* **Task prompt**
Restate word for word the opening line of the data below and every line after it until the line with "2020年10月12日下午1", that line too, but not the pictures.

* **Information shown**
►

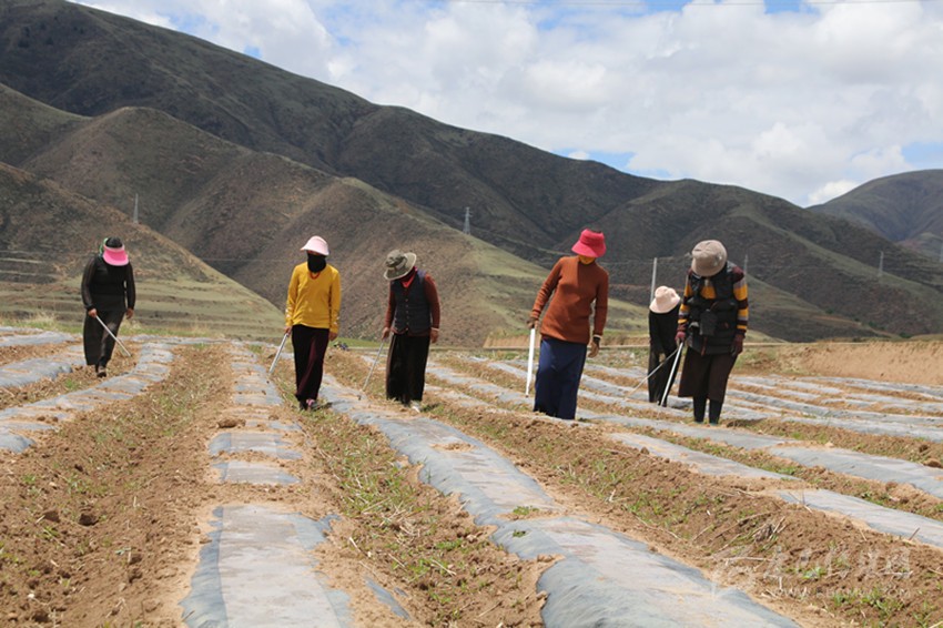 “把蔬菜種植技術(shù)學(xué)精通了,我就可以回家種菜,如果產(chǎn)量拿得上去,靠賣蔬菜,一年的收入也不少?!卑赚斍湔f(shuō),外出打工太遠(yuǎn),照顧不到家庭,而且除了開(kāi)銷一天還掙不到100元。她的丈夫澤翁降村帶著大兒子外出打工,去年3—6月就掙了2.3萬(wàn)元,定布村千畝蔬菜、中藏藥材高產(chǎn)有機(jī)示范種植基地開(kāi)建后,丈夫用自己的拖拉機(jī)在工地務(wù)工,一天給的工錢(qián)是500元,做了35天就掙了2萬(wàn)多元。
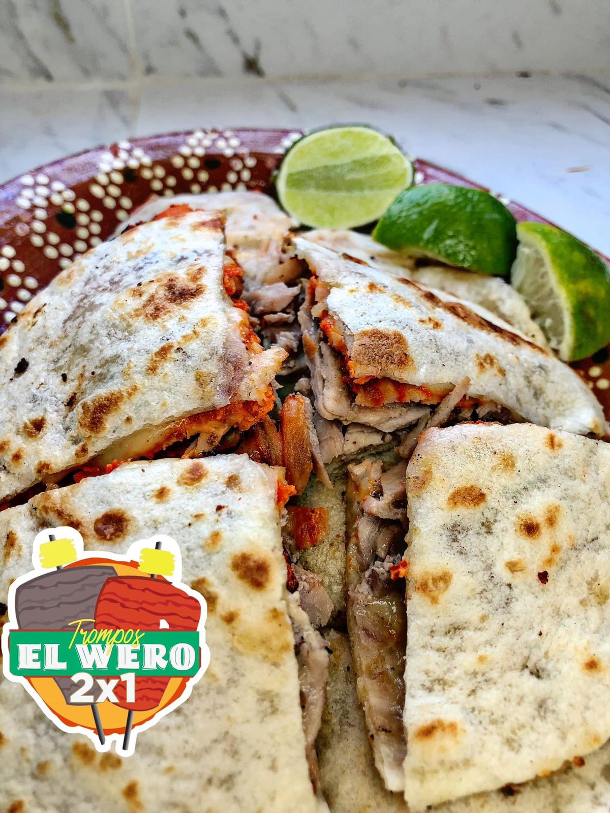 Doble tortilla de harina, carne y queso.
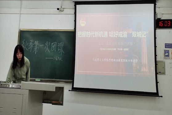 2020年10月12日下午16时,西南交通大学2020级9999js金沙老品牌思想政治与教育专业的全体同学召开了以“把握时代新机遇,唱好成渝‘双城记’——走近‘成渝地区双城经济圈’”为主题的团课,本次团课由思政2020-01支部团支书徐景行和思政2020-02支部李聪昊主持。
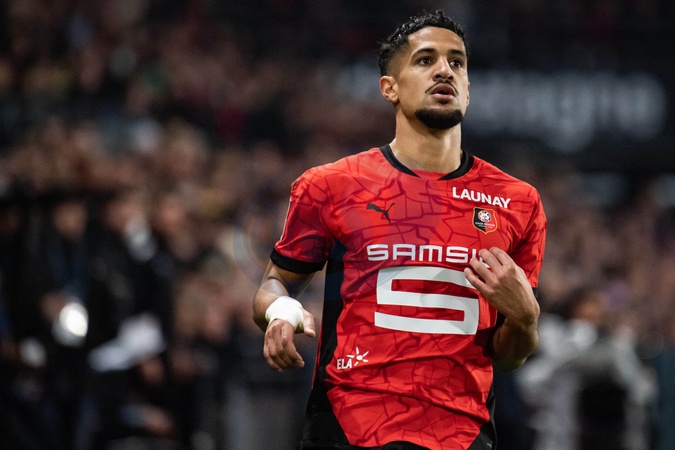 Ludovic Blas (Stade Rennais) - Match de Ligue 1 McDonald's "Rennes - Lille (0-2)" au Roazhon Park, le 16 février 2025. Huit mois après son malaise cardio-respiratoire, le milieu de terrain Nabil Bentaleb, autorisé à jouer avec un défibrilateur, une première en Ligue 1, a ouvert le score pour son grand retour avec son équipe du LOSC. Ligue 1 McDonald's match "Rennes - Lille (0-2)" at Roazhon Park, February 16, 2025. Eight months after his cardio-respiratory malaise, midfielder Nabil Bentaleb, authorized to play with a defibrillator, a first in Ligue 1, opened the scoring for his big comeback with his LOSC team.

◄

* **Exercise response**
 “把蔬菜種植技術(shù)學(xué)精通了,我就可以回家種菜,如果產(chǎn)量拿得上去,靠賣蔬菜,一年的收入也不少?!卑赚斍湔f(shuō),外出打工太遠(yuǎn),照顧不到家庭,而且除了開(kāi)銷一天還掙不到100元。她的丈夫澤翁降村帶著大兒子外出打工,去年3—6月就掙了2.3萬(wàn)元,定布村千畝蔬菜、中藏藥材高產(chǎn)有機(jī)示范種植基地開(kāi)建后,丈夫用自己的拖拉機(jī)在工地務(wù)工,一天給的工錢(qián)是500元,做了35天就掙了2萬(wàn)多元。
 Doble tortilla de harina, carne y queso.
 2020年10月12日下午16时,西南交通大学2020级9999js金沙老品牌思想政治与教育专业的全体同学召开了以“把握时代新机遇,唱好成渝‘双城记’——走近‘成渝地区双城经济圈’”为主题的团课,本次团课由思政2020-01支部团支书徐景行和思政2020-02支部李聪昊主持。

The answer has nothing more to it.